**DATA LISTING:**
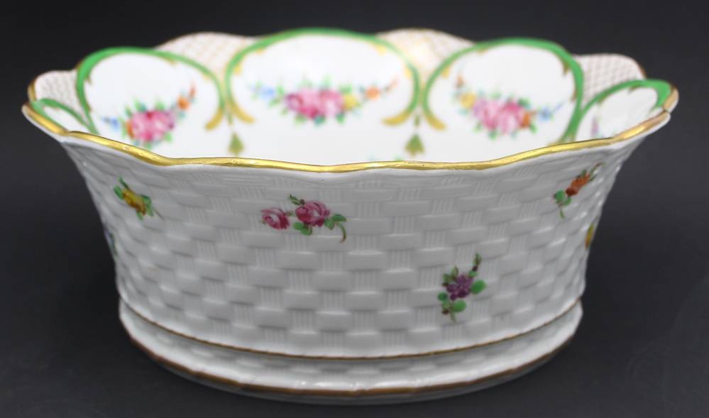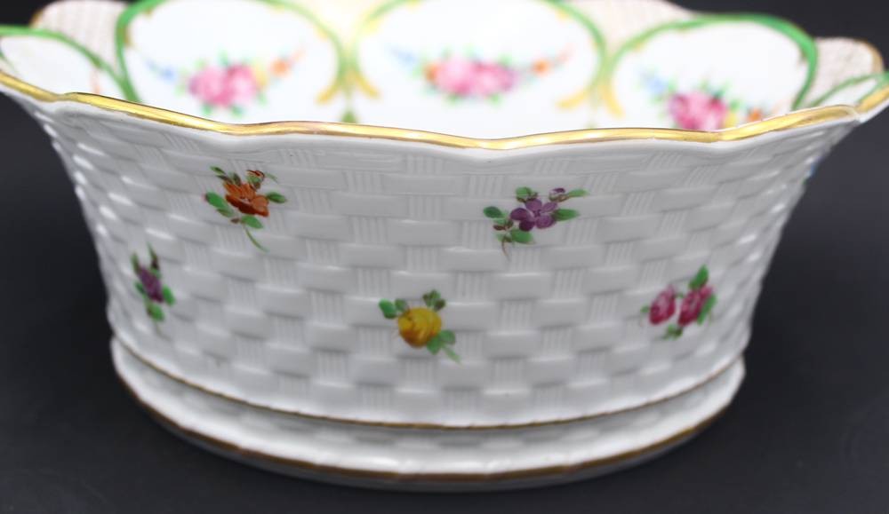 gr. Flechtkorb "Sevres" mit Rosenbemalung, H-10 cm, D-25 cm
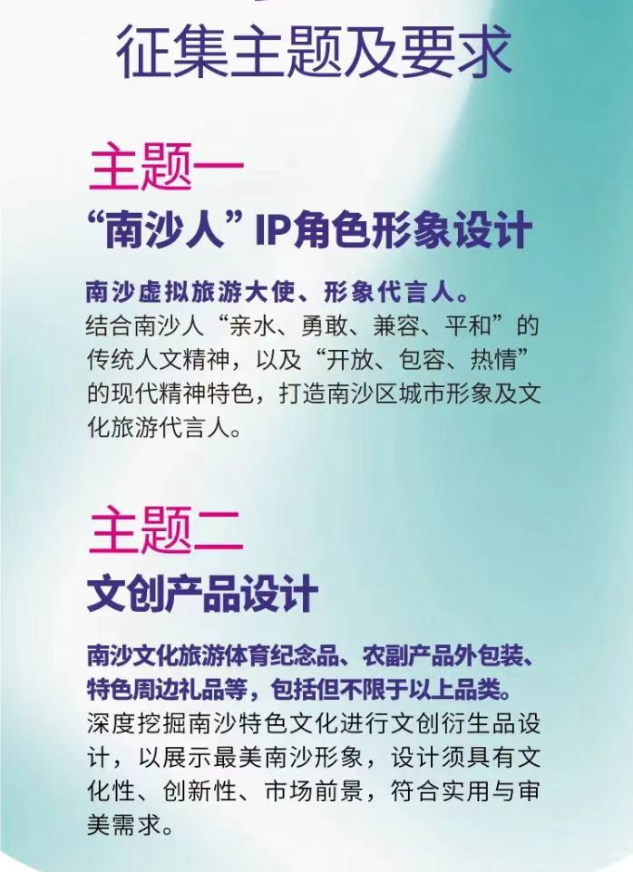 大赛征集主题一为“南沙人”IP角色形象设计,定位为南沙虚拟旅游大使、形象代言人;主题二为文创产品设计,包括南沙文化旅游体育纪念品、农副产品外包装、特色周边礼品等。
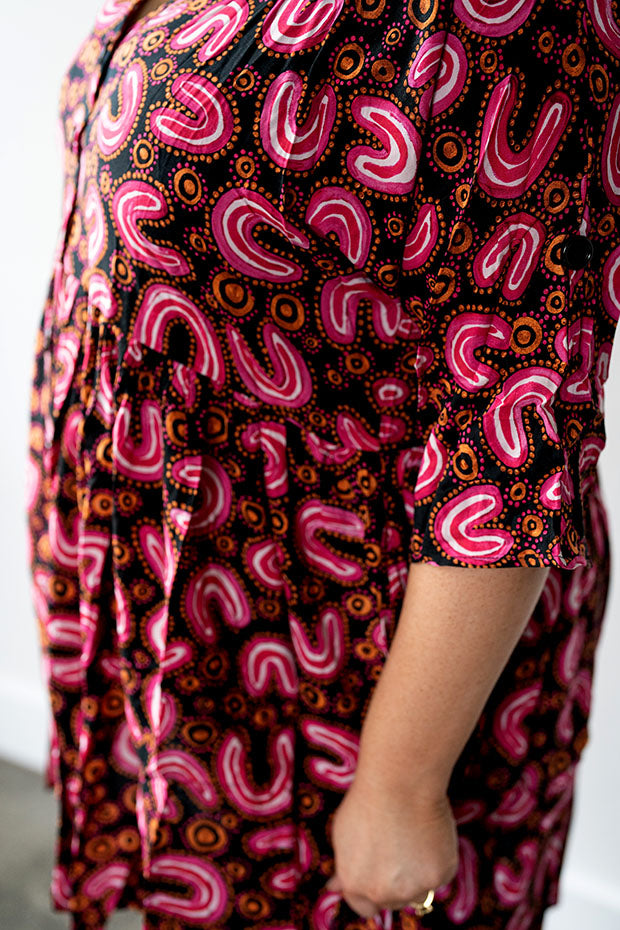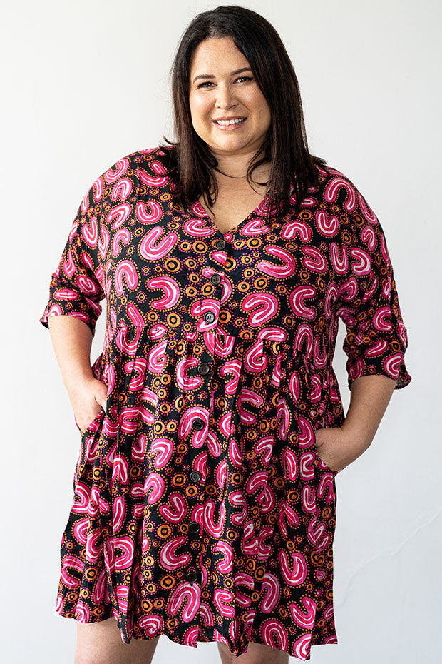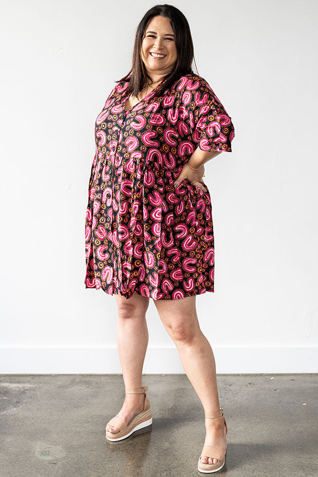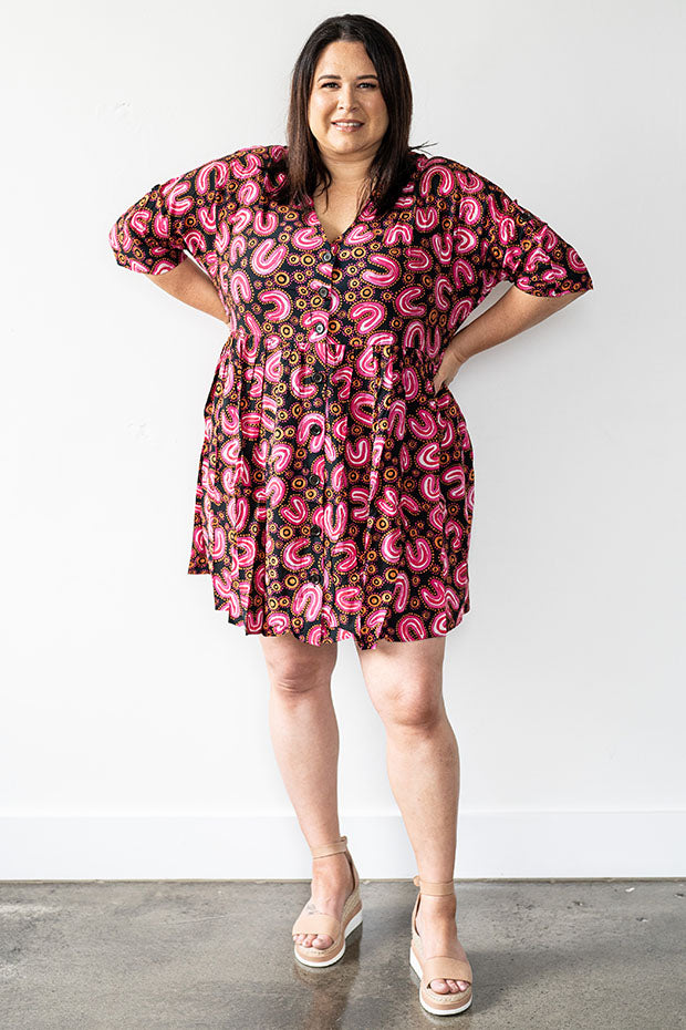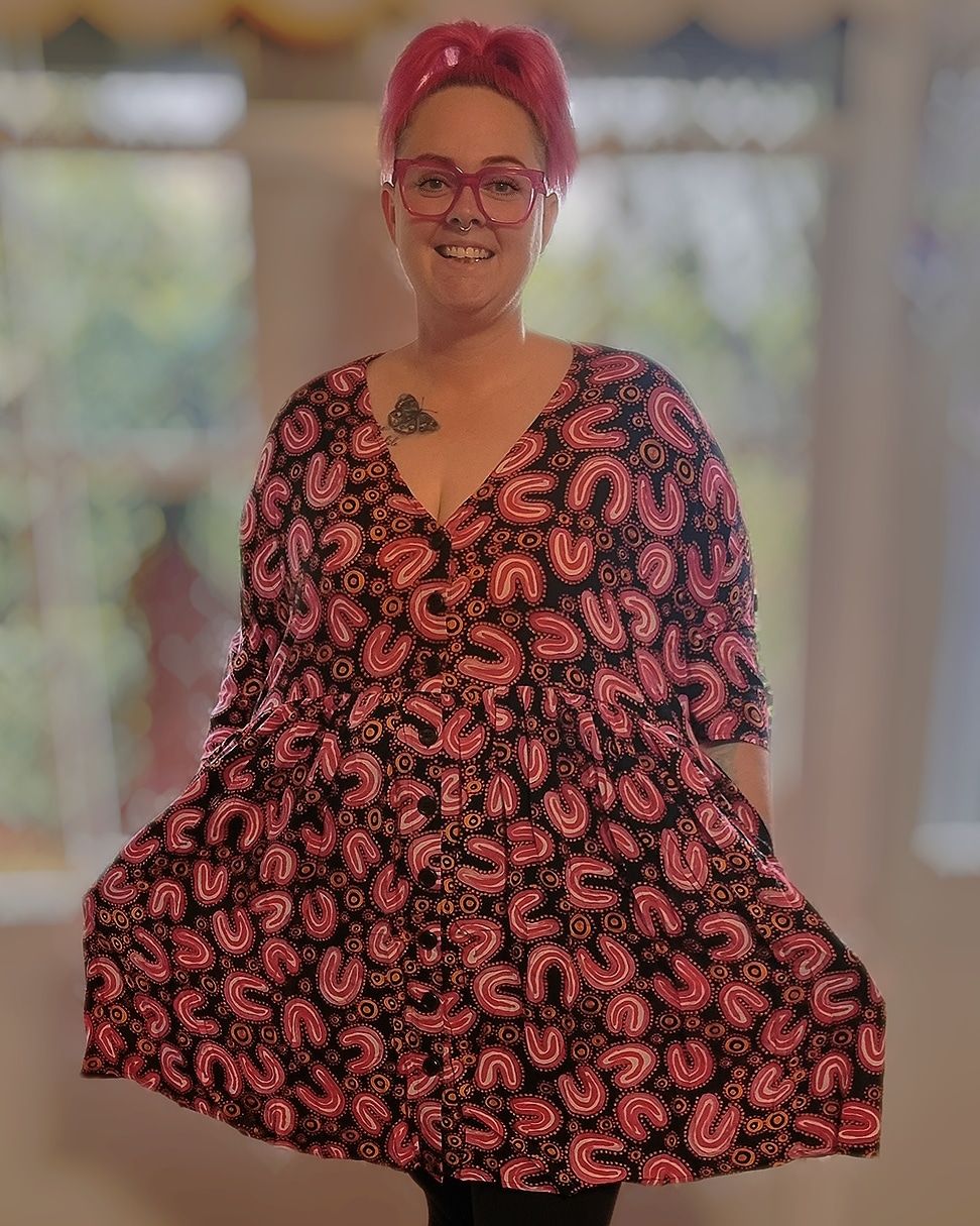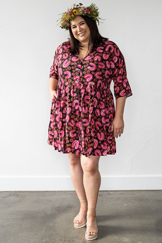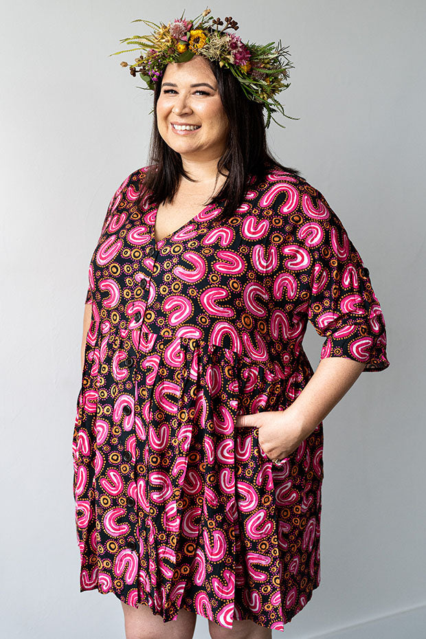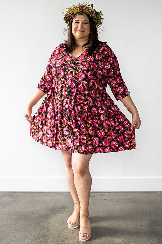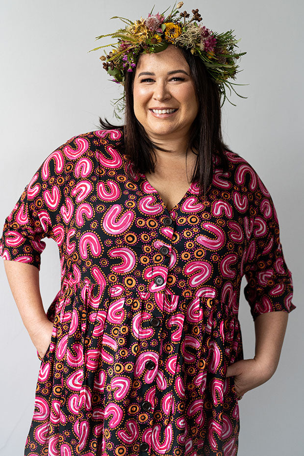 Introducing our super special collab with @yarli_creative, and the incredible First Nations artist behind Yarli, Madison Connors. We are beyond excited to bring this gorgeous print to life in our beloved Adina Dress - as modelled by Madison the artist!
...
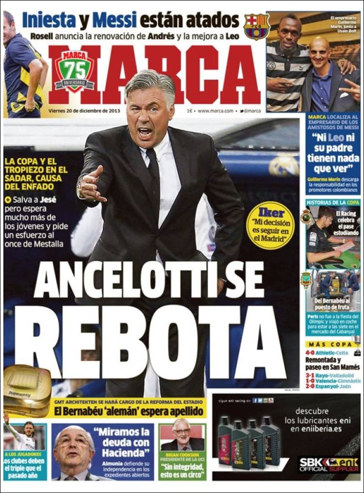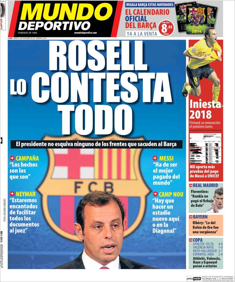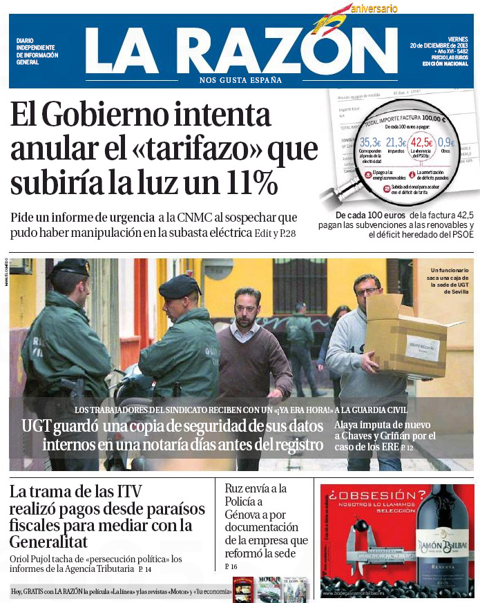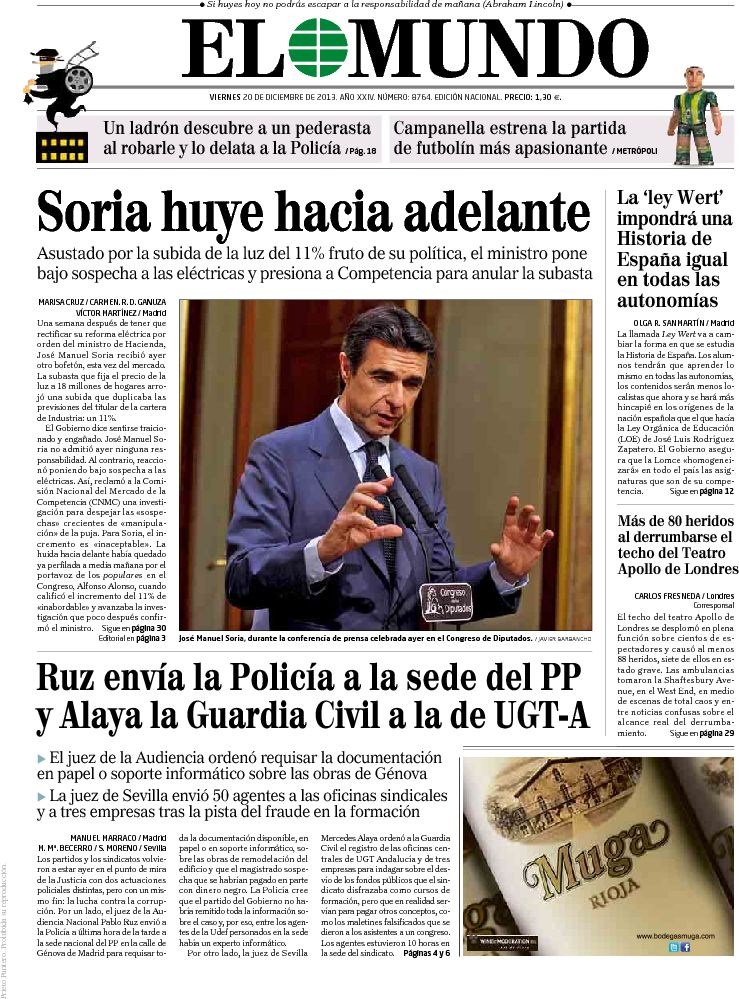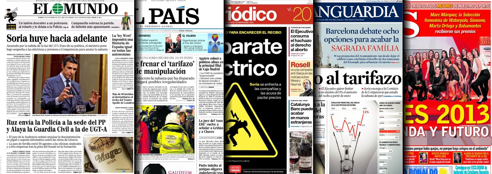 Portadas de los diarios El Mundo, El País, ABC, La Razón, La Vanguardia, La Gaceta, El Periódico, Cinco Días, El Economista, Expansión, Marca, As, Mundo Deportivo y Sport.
---
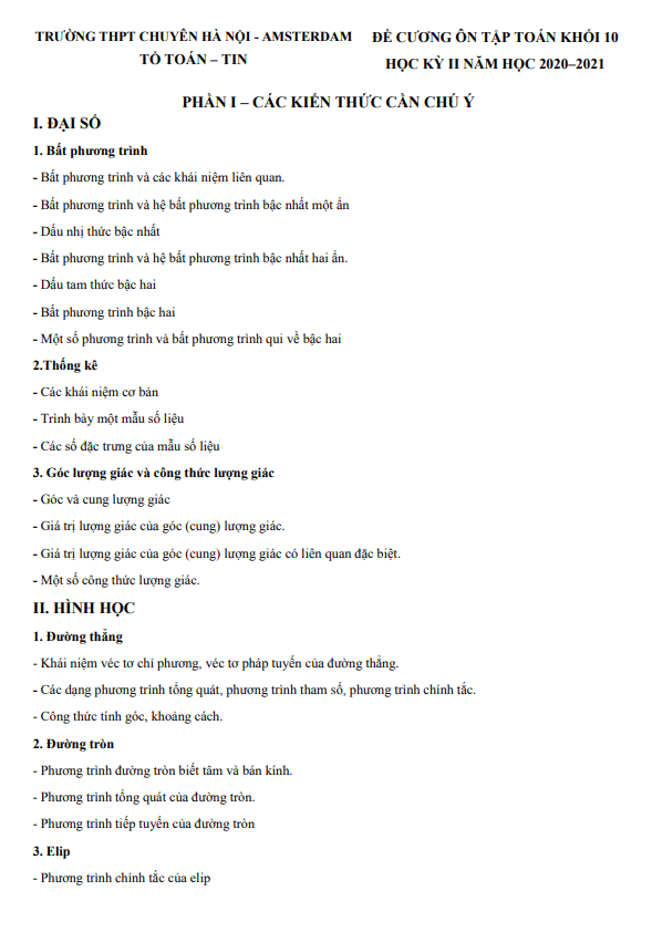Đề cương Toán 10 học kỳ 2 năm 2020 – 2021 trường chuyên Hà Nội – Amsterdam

**AIM OF THE TASK:** Output exactly the lines of the listing above that start with the one holding "cm, D-25 cm" and go on through the one holding "Introducing our super"; leave the pictures out.

**RESULT OF THE TASK:**
 gr. Flechtkorb "Sevres" mit Rosenbemalung, H-10 cm, D-25 cm
 大赛征集主题一为“南沙人”IP角色形象设计,定位为南沙虚拟旅游大使、形象代言人;主题二为文创产品设计,包括南沙文化旅游体育纪念品、农副产品外包装、特色周边礼品等。
 Introducing our super special collab with @yarli_creative, and the incredible First Nations artist behind Yarli, Madison Connors. We are beyond excited to bring this gorgeous print to life in our beloved Adina Dress - as modelled by Madison the artist!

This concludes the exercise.